* [ABOUT THIS EXERCISE]: All the lines below should be set down exactly, with no picture carried into the copy.

* [DATASET EXTRACT]:
—————
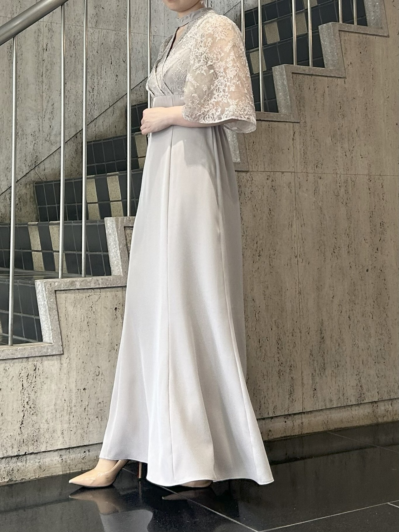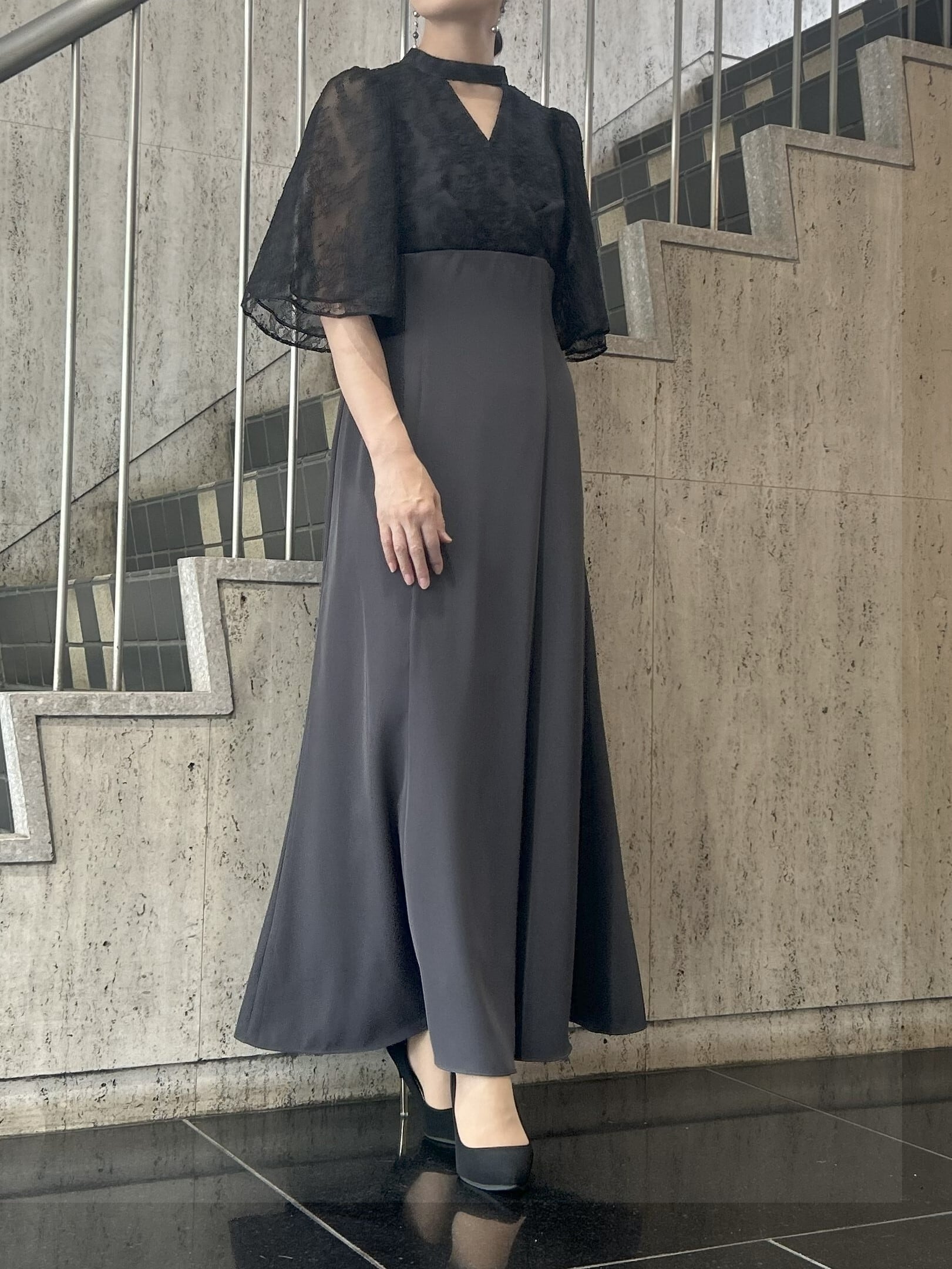 腰下を長く見せ、スタイルアップ効果のあるハイウエスト切替からのマーメイドシルエットがとても綺麗なロングドレスです。
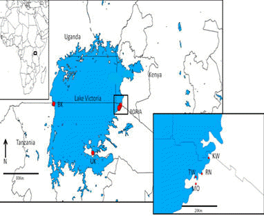 The study was conducted along the shores of Lake Victoria which included Kirongwe (KW), Masonga (MO), Tobwe River (TW), and Rasi Nyabero (RN) villages in Rorya district; Msozi villange in Ukerewe district (island) and Kemondo in Bukoba district. Sampling sites were: Shirati division, Ukerewe Island and Kemondo division. Generally all these areas experience a bimodal rainfall pattern, the short rains fall between October and December and the long rains from March to May. The average annual rainfall in the basin is estimated to be 1015 mm (Makalle et al 2008).
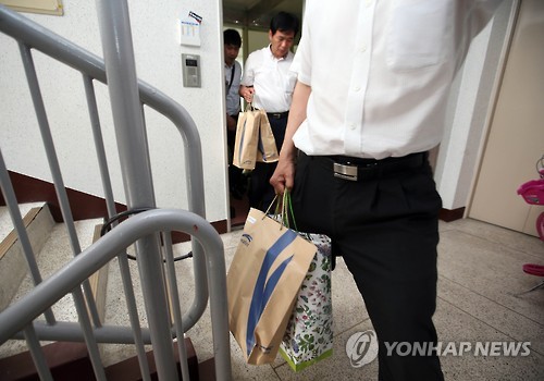 | △ 대선자금 겨냥하는 검찰 (대전=연합뉴스) 양영석 기자 = '성완종 리스트'를 수사 중인 검찰 관계자들이 29일 지난 2012년 대선 당시 새누리당 캠프에 몸담고 수석부대변인 직책을 맡았던 김모씨의 대전 자택을 압수수색, 압수품을 들고 나오고 있다. 2015.5.29 youngs@yna.co.kr |
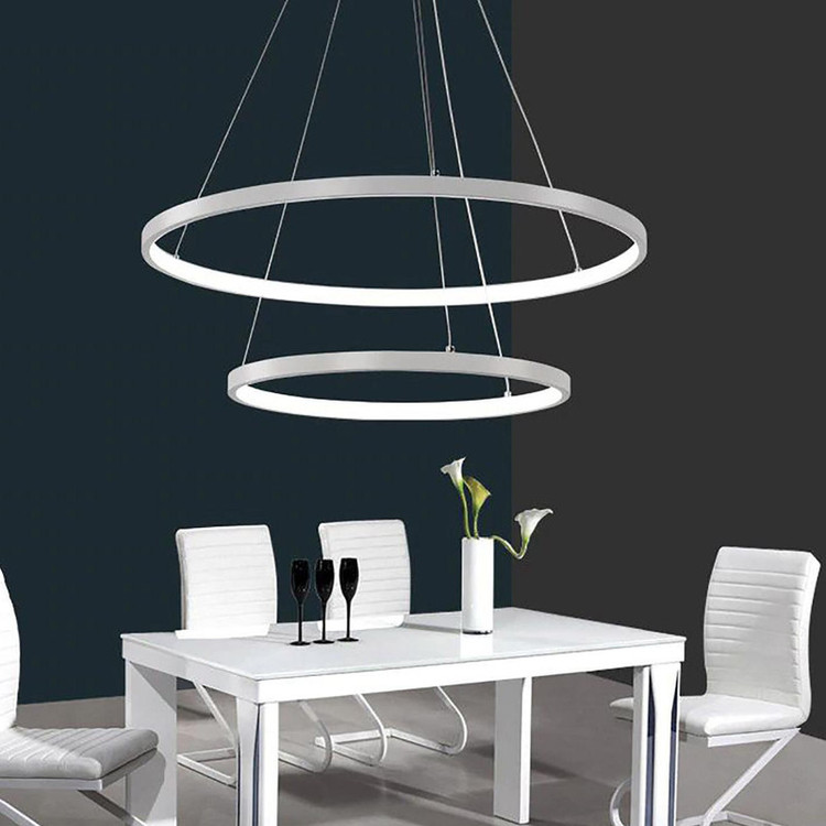 لوستر دو حلقه دایره به ابعاد 50_70 سانتیمتر، رنگ بدنه سفید استاتیک در سه نوع (آفتابی -مهتابی-چندرنگ) ارائه میشود.
—————
* [EXERCISE ANSWER]:
 腰下を長く見せ、スタイルアップ効果のあるハイウエスト切替からのマーメイドシルエットがとても綺麗なロングドレスです。
 The study was conducted along the shores of Lake Victoria which included Kirongwe (KW), Masonga (MO), Tobwe River (TW), and Rasi Nyabero (RN) villages in Rorya district; Msozi villange in Ukerewe district (island) and Kemondo in Bukoba district. Sampling sites were: Shirati division, Ukerewe Island and Kemondo division. Generally all these areas experience a bimodal rainfall pattern, the short rains fall between October and December and the long rains from March to May. The average annual rainfall in the basin is estimated to be 1015 mm (Makalle et al 2008).
 | △ 대선자금 겨냥하는 검찰 (대전=연합뉴스) 양영석 기자 = '성완종 리스트'를 수사 중인 검찰 관계자들이 29일 지난 2012년 대선 당시 새누리당 캠프에 몸담고 수석부대변인 직책을 맡았던 김모씨의 대전 자택을 압수수색, 압수품을 들고 나오고 있다. 2015.5.29 youngs@yna.co.kr |
 لوستر دو حلقه دایره به ابعاد 50_70 سانتیمتر، رنگ بدنه سفید استاتیک در سه نوع (آفتابی -مهتابی-چندرنگ) ارائه میشود.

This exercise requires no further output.